▶ Exercise aim
Reproduce verbatim the lines of the material below, starting at the line with "Модель оснащена открытыми" and ending at the line with "紫苏拌杏 弟弟从山上摘来的杏", both inclusive; skip the rest.

▶ Supplied entries
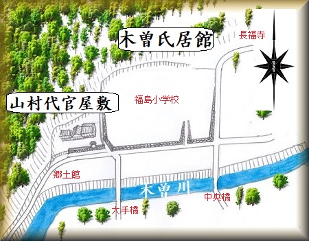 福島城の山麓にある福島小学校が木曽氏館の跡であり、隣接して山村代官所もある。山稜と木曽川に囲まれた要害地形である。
---
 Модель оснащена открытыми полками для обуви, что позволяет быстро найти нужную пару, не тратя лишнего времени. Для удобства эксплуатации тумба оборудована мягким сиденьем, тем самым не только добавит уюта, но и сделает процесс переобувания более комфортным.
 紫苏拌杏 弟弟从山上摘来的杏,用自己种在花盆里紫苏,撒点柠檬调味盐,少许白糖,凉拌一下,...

▶ Answer to this problem
 Модель оснащена открытыми полками для обуви, что позволяет быстро найти нужную пару, не тратя лишнего времени. Для удобства эксплуатации тумба оборудована мягким сиденьем, тем самым не только добавит уюта, но и сделает процесс переобувания более комфортным.
 紫苏拌杏 弟弟从山上摘来的杏,用自己种在花盆里紫苏,撒点柠檬调味盐,少许白糖,凉拌一下,...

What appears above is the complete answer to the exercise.